• _PROMPT_: Give exactly the lines from the one with "Issues 2, 5, 16, 21, 23-26, 28, 29" through the final line of the listing below, both included, leaving out any pictures.

- - - - - - -

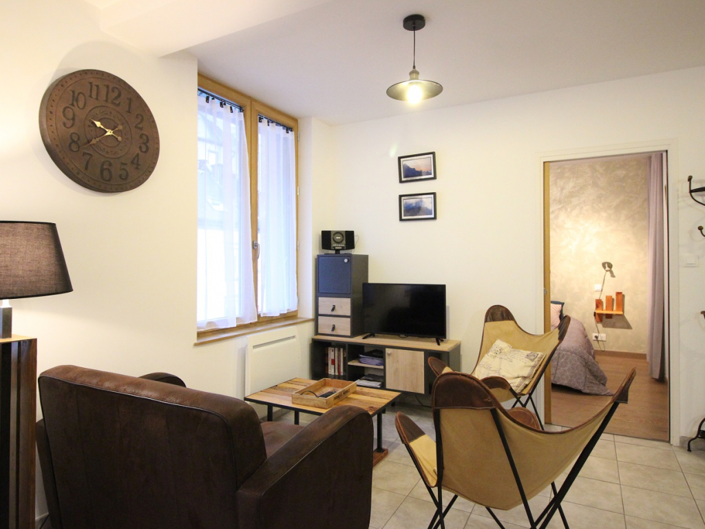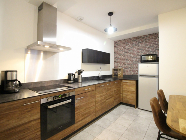 Au 3ème étage avec ascenseur, l'appartement se compose d'une pièce à vivre avec cuisine équipée comprenant plaque induction, hotte, four, micro-ondes, lave-vaisselle...
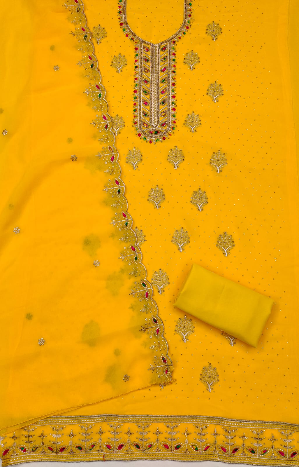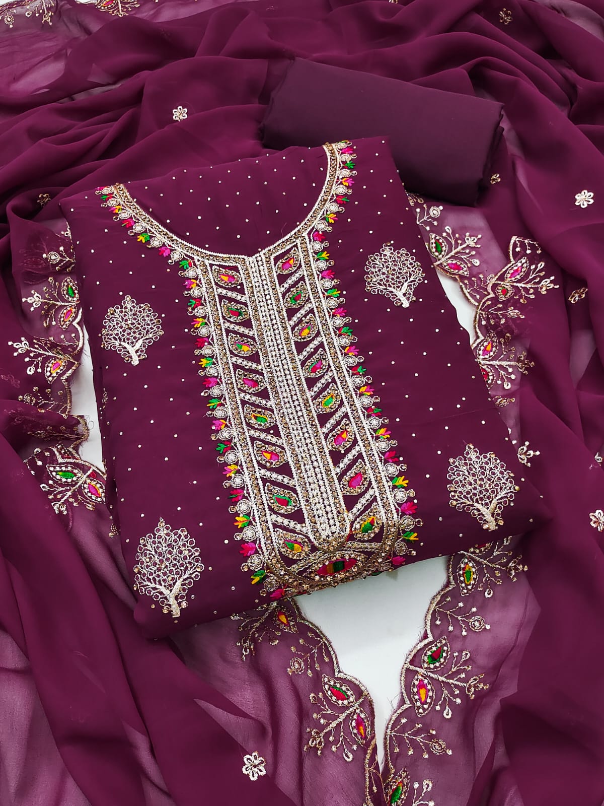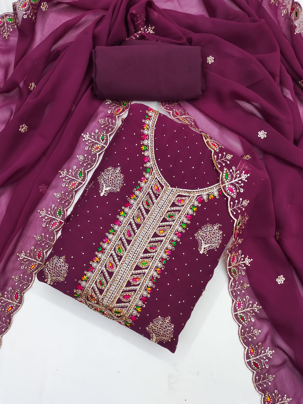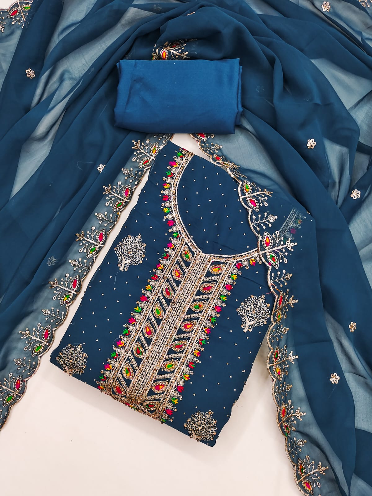 Dupatta: A matching Georgette dupatta adorned with Zari embroidery and diamond embellishments, adding a touch of glamour to your ensemble. Length: 2.1 meters.
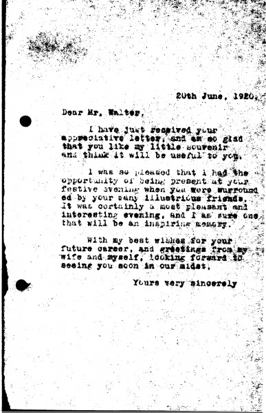 De László is pleased John Walter liked the present (a cane) and that he could attend the latter's party [recipient to be confirmed]
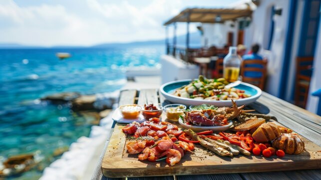A rustic Greek island taverna with a platter of assorted meze, with the sea and whitewashed buildings creating a picturesque backdrop
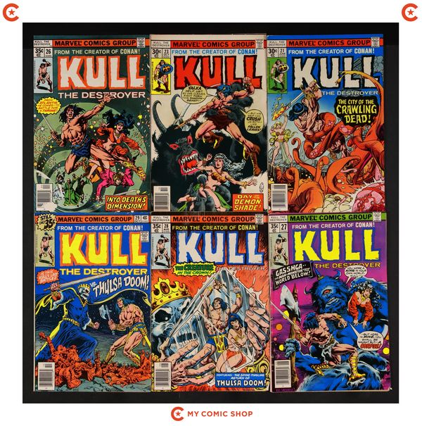 Issues 2, 5, 16, 21, 23-26, 28, 29 of Kull the Conqueror (1971 1st Series). Most will grade in the VG to FN range with issues 5, and 26 grading GD.
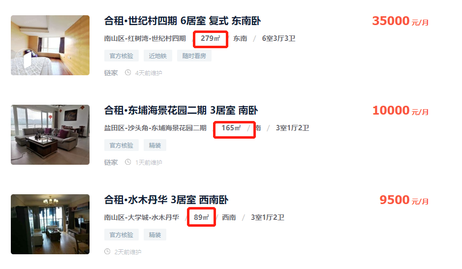 南山区整租房屋中,前海、蛇口和南山中心房源最多,房租价格在4000~10000元之间
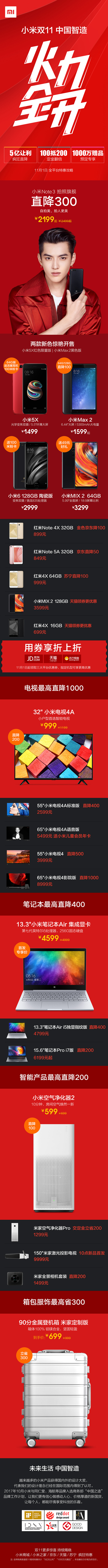 除了全平台戰略之外,在產品方面,小米也做足了“火力全開”的準備。從11月1日開始,已經宣佈雙11期間特惠300元的拍照旗艦手機小米Note 3將以2199元的震撼價格開售。另有兩大新色驚豔開售:變焦雙攝小米5X紅色限量版,價格1499元起;大屏手機小米MAX 2黑色版,將以特惠價1599元起開售。
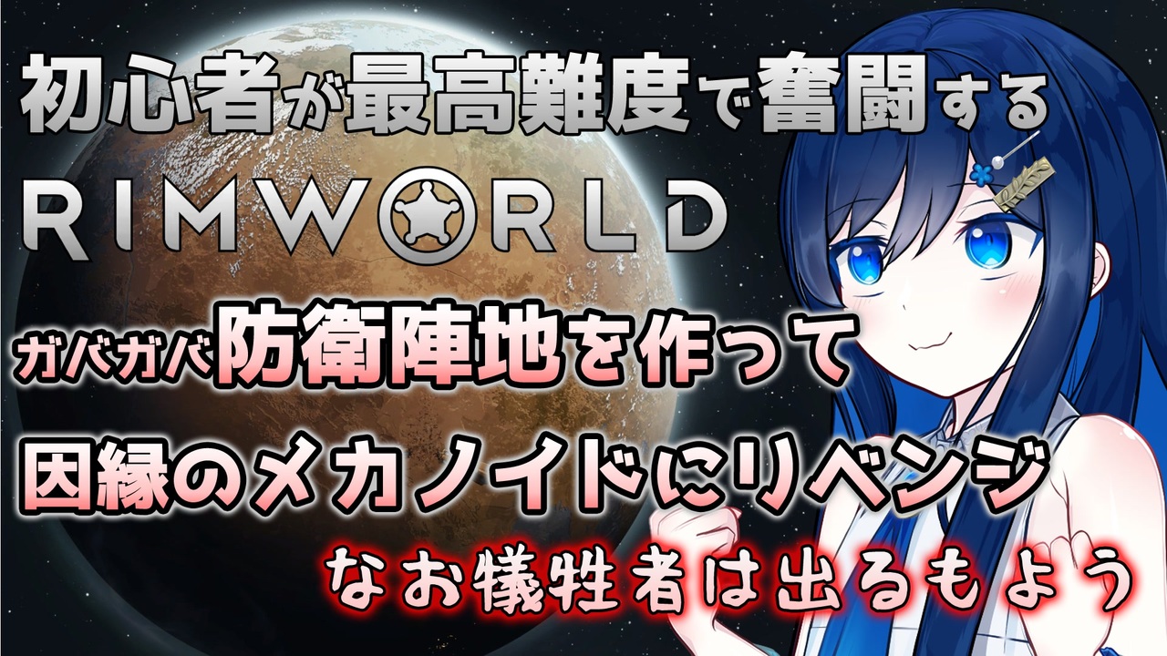先日今更ながらRimWorldを買ったので、最高難度・コミットメントモードで双葉ちゃんに酷い目に遭って貰うことにしました。<br>初心者プレイを楽しめるのは今だけだからね仕方ないね。<br><br>■ルール<br>・バージョン1.5/DLCなし<br>・勝ち目のない楽しさ <br>・コミットメント(パーマデス)モード<br>・双葉湊音orこみなとが死亡したら最初からやり直し<br>・プレイヤーは生存奮闘である程度生き残れる程度(初見ではないが研究炉は未経験)<br><br>■素材<br>・ボイス<br> CeVIO AI 双葉湊音 <a href="https://www.futabaminato.com/" target="_blank" rel="noopener nofollow">https://www.futabaminato.com/</a><br> 謎の声 VOICEVOX Nemo 男声2、女声6<br>・立ち絵<br> 小さめ双葉湊音立ち絵 <a href="https://seiga.nicovideo.jp/seiga/im11333877" target="_blank" rel="noopener nofollow">https://seiga.nicovideo.jp/seiga/im11333877</a><br> 立ちふたばこみなと素材 <a href="https://seiga.nicovideo.jp/seiga/im11460546" target="_blank" rel="noopener nofollow">https://seiga.nicovideo.jp/seiga/im11460546</a><br>・音楽<br> PeriTune <a href="https://peritune.com/" target="_blank" rel="noopener nofollow">https://peritune.com/</a>
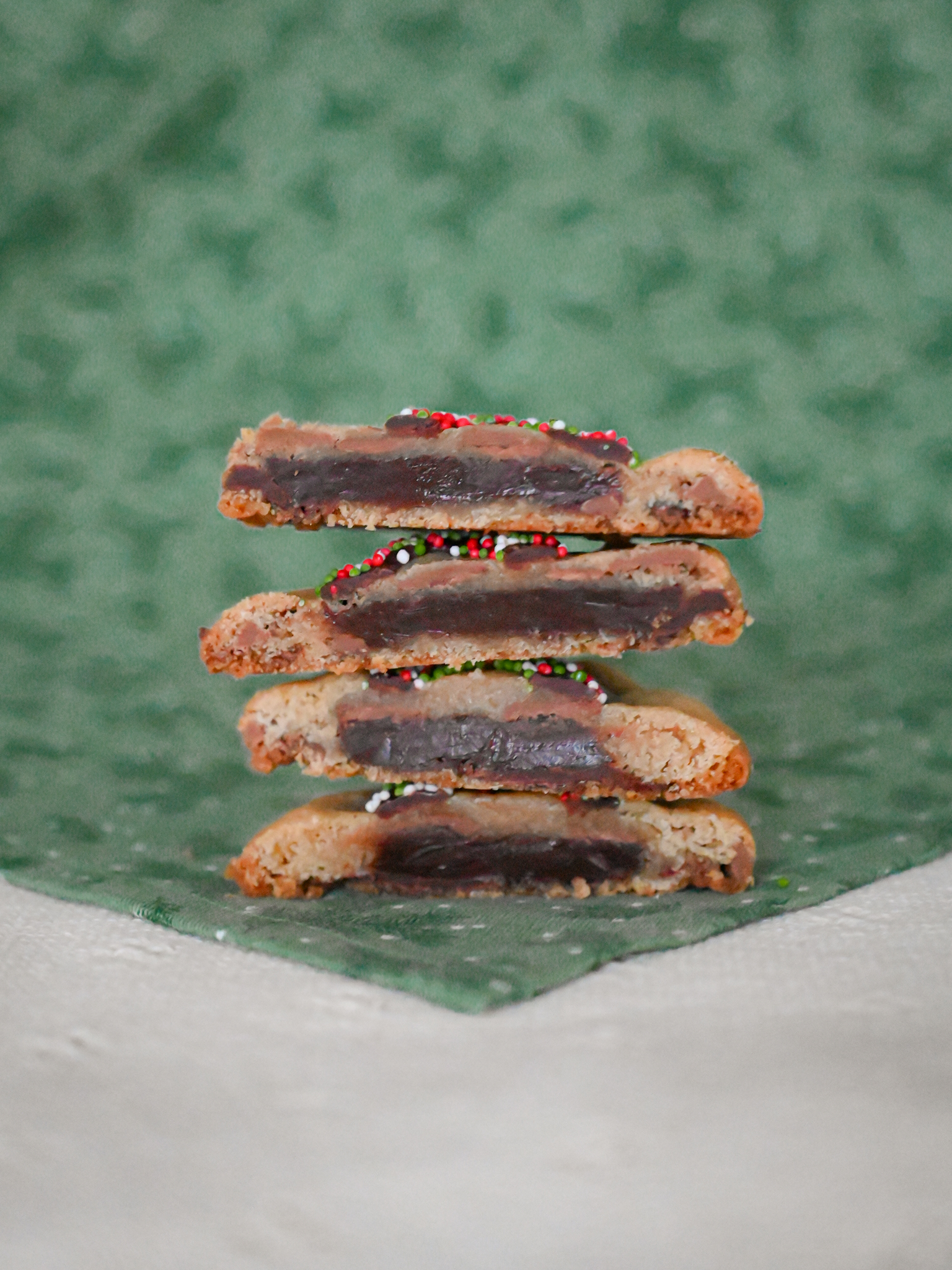 Ingrediënten: tarwebloem (gluten), roomboter (lactose), ei, suiker, vanille-extract, zout, fudgevulling en chocolade.

- - - - - - -

• _SOLUTION TO THIS TASK_:
 Issues 2, 5, 16, 21, 23-26, 28, 29 of Kull the Conqueror (1971 1st Series). Most will grade in the VG to FN range with issues 5, and 26 grading GD.
 南山区整租房屋中,前海、蛇口和南山中心房源最多,房租价格在4000~10000元之间
 除了全平台戰略之外,在產品方面,小米也做足了“火力全開”的準備。從11月1日開始,已經宣佈雙11期間特惠300元的拍照旗艦手機小米Note 3將以2199元的震撼價格開售。另有兩大新色驚豔開售:變焦雙攝小米5X紅色限量版,價格1499元起;大屏手機小米MAX 2黑色版,將以特惠價1599元起開售。
先日今更ながらRimWorldを買ったので、最高難度・コミットメントモードで双葉ちゃんに酷い目に遭って貰うことにしました。<br>初心者プレイを楽しめるのは今だけだからね仕方ないね。<br><br>■ルール<br>・バージョン1.5/DLCなし<br>・勝ち目のない楽しさ <br>・コミットメント(パーマデス)モード<br>・双葉湊音orこみなとが死亡したら最初からやり直し<br>・プレイヤーは生存奮闘である程度生き残れる程度(初見ではないが研究炉は未経験)<br><br>■素材<br>・ボイス<br> CeVIO AI 双葉湊音 <a href="https://www.futabaminato.com/" target="_blank" rel="noopener nofollow">https://www.futabaminato.com/</a><br> 謎の声 VOICEVOX Nemo 男声2、女声6<br>・立ち絵<br> 小さめ双葉湊音立ち絵 <a href="https://seiga.nicovideo.jp/seiga/im11333877" target="_blank" rel="noopener nofollow">https://seiga.nicovideo.jp/seiga/im11333877</a><br> 立ちふたばこみなと素材 <a href="https://seiga.nicovideo.jp/seiga/im11460546" target="_blank" rel="noopener nofollow">https://seiga.nicovideo.jp/seiga/im11460546</a><br>・音楽<br> PeriTune <a href="https://peritune.com/" target="_blank" rel="noopener nofollow">https://peritune.com/</a>
 Ingrediënten: tarwebloem (gluten), roomboter (lactose), ei, suiker, vanille-extract, zout, fudgevulling en chocolade.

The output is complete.